By Guo Xiaobing
The US' nuclear weapons arsenal has come under much scrutiny recently. The first big news story was that US lawmakers are attempting to restrain the president's authority to wage nuclear war. At a Senate Foreign Relations Committee hearing in November, lawmakers expressed their concerns over US President Donald Trump's sole authority to launch nuclear weapons. "Donald Trump can launch nuclear codes just as easily as he can use his Twitter account without a check and balance," one Senator remarked.
Then a few days ago, a Huffington Post exclusive revealed the contents of the Trump administration's Nuclear Posture Review, not due out until February. The draft signals a farewell to former president Barack Obama's push toward a "world without nuclear weapons," and calls for an increase to the US' nuclear capability.
Just as Trump is extremely sensitive to such charges as "mental instability," the administration does not want his Nuclear Posture Review to be labeled as a return to a "nuclear war-fighting" stance and rejects that it is "reducing the nuclear threshold." The draft tries to dismiss these accusations preemptively, but unfortunately, from the perspective of a researcher who has been following nuclear arms issues for almost two decades, these labels turn out to be true.
Nuclear war-fighting is a negative term in the area of nuclear arms control. The public tends to regard a nuclear war-fighting doctrine as a strategy to win a nuclear war. It is closely related to the US-Soviet nuclear arms race during the Cold War and comes with images of crazy nuclear warmongers. It is understandable that the Trump administration does not like this label. But the logic and measures initiated by the Trump nuclear doctrine fit perfectly into the definition of a nuclear war-fighting doctrine.
The US sees two main arguments in favor of a nuclear war-fighting doctrine. First, the US needs a flexible nuclear force to address a limited nuclear war. Second, the US should develop a strategic defense capability to limit the damage if its deterrence fails.
Statements from the draft report and other official US documents suggest that for a limited nuclear war, the US should expand its flexible nuclear options and develop more low-yield nuclear bombs to address limited nuclear use.
As for the development of strategic defense, the National Security Strategy released in December is committed to developing an enhanced missile defense system, and publicly admits the US will develop the ability to defeat missile threats prior to launch, which is supposed to include cyber attacks and boost-phase interceptions.
The Trump nuclear doctrine has significantly adjusted the US nuclear weapons declaratory policy to loosen the use of nuclear weapons. Nuclear weapons will be used to deter not only nuclear attacks, but also significant non-nuclear strategic attacks. That means the US might use nuclear weapons to retaliate against space or cyber attacks on its infrastructure or the NC3 (nuclear command, control and communication) system.
This adjustment is quite dangerous because there are numerous state and non-state actors active in the space and cyberspace domains. Interactions among these actors are very complex and hard to regulate. Guided by the new declaratory policy of the Trump administration, miscalculation and miscommunication in the space and cyber domains might lead to nuclear disasters.
Furthermore, expansion of the US tactical nuclear arsenal will make use of nuclear weapons much more likely, especially in the use of non-strategic nuclear weapons in regional conflicts. Yet there are no effective mechanisms to prevent regional nuclear conflicts from escalating into large-scale nuclear exchanges.
While the 2010 Nuclear Posture Review promises to promote strategic stability with Russia and China, the Trump nuclear doctrine lays more emphasis on great power competition. The draft report states the US does not wish to regard either Russia or China as an adversary and seeks stable relations with both. But it devotes a lot of space to describing its tailored deterrence strategy against Russia and China. It discusses in detail how to outmatch Russia and China at any level of escalation.

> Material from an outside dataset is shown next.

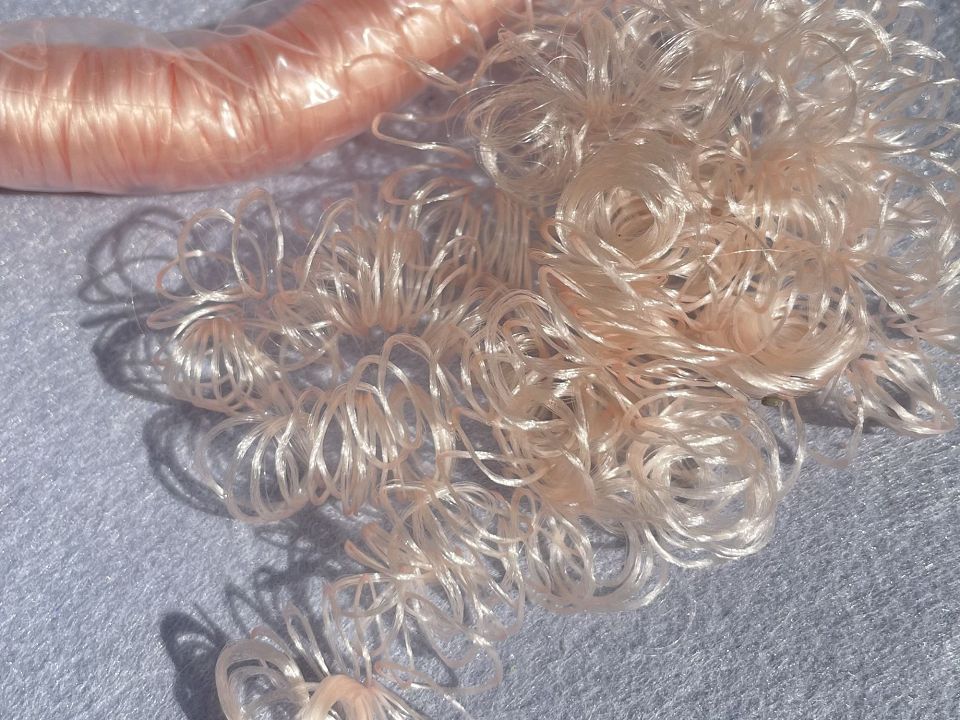 Синтетические волосы для кукол в жгуте, в полиэтиленовой упаковке.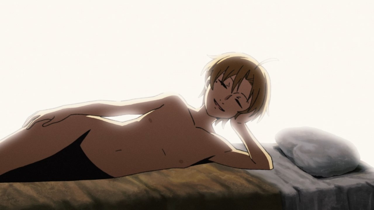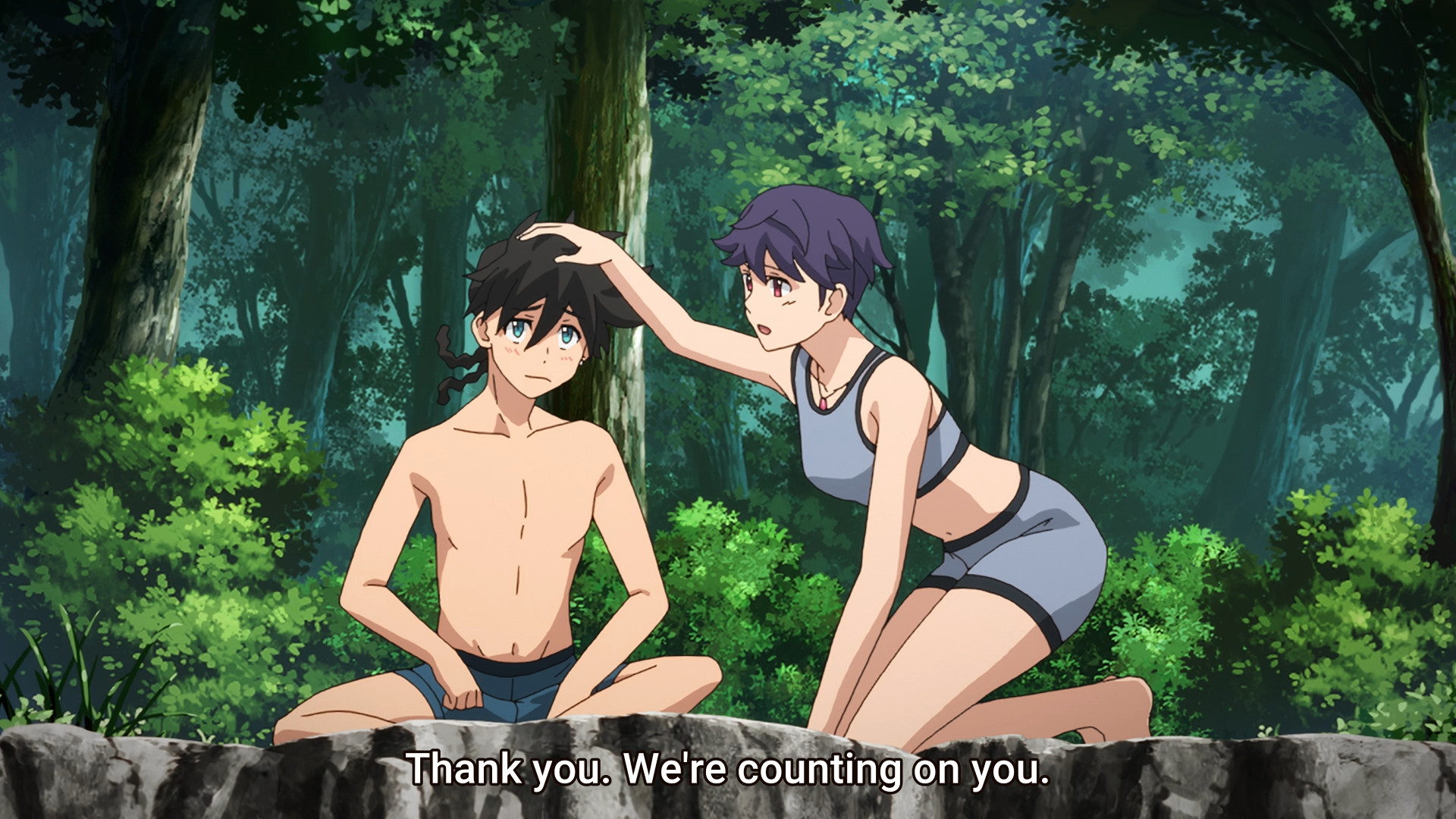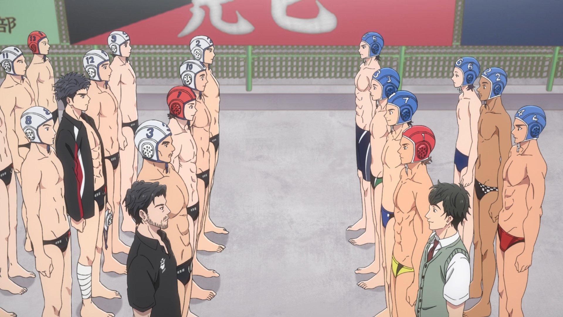 Интересный спокон получился. Вот прям необычный. Может вид спорта повлиял, а может некоторые сюжетные ходы, но получилось здорово. Необычность вида спорта повлияло на течение матча. У них не было особо времени подумать и поразмышлять по пол серии, как во всяких куробаскетах или волейболах. Нужно плавать епт, быковать на всех и кидать мяч. Некоторые даже выдыхаться успевали за время матча. Реализм же. Ну а необычностью сюжета я бы назвал двойную амнезию у ГГ. Даже грустно стало за него. Год ебашил с зелёными чуваками, дружил с ними, а потом хуяк и нихуя не помнишь. Обычная амнезия вначале то ладно хуй с ней, но двойная это прикольно. Бесили эти дурацкие шапочки ещё. Максимально уродуют персонажей, но с ними приходилось мириться. Ну и за Черепасика отдельный плюс. Чёт заметил, что маппа иногда всяких смешных питомцев добавляет в свои тайтлы. Неплохая ттенденция на самом деле. 7/10

Besides, the Trump administration does not show any passion for maintaining and strengthening the international nuclear arms control regime. It will not seek Senate ratification of the Comprehensive Nuclear-Test-Ban Treaty. It implies that the US might withdraw from the Intermediate-Range Nuclear Forces Treaty, and mentions nothing about a further nuclear disarmament agreement with Russia.
Despite Trump's boasts of being "a very stable genius," it seems he has failed to convince some US lawmakers. Likewise, although the Trump nuclear doctrine argues that more flexible nuclear options in the hands of a benign hegemony like the US will help reduce rather than increase the risk of nuclear war, it will fail to convince the world.
As the only superpower with the strongest nuclear and non-nuclear forces, the US under Trump believes that its nuclear forces are not sufficient, and more efforts should be made to turn the nuclear triad into a more "modern, flexible and resilient" force, so other countries lagging behind will learn their lesson and follow suit.
Thanks to the Trump nuclear doctrine, the coming years will witness a stronger momentum for nuclear buildup and nuclear proliferation around the world.
The author is deputy director and a research professor at the Institute of Arms Control and Security Studies, China Institutes of Contemporary International Relations.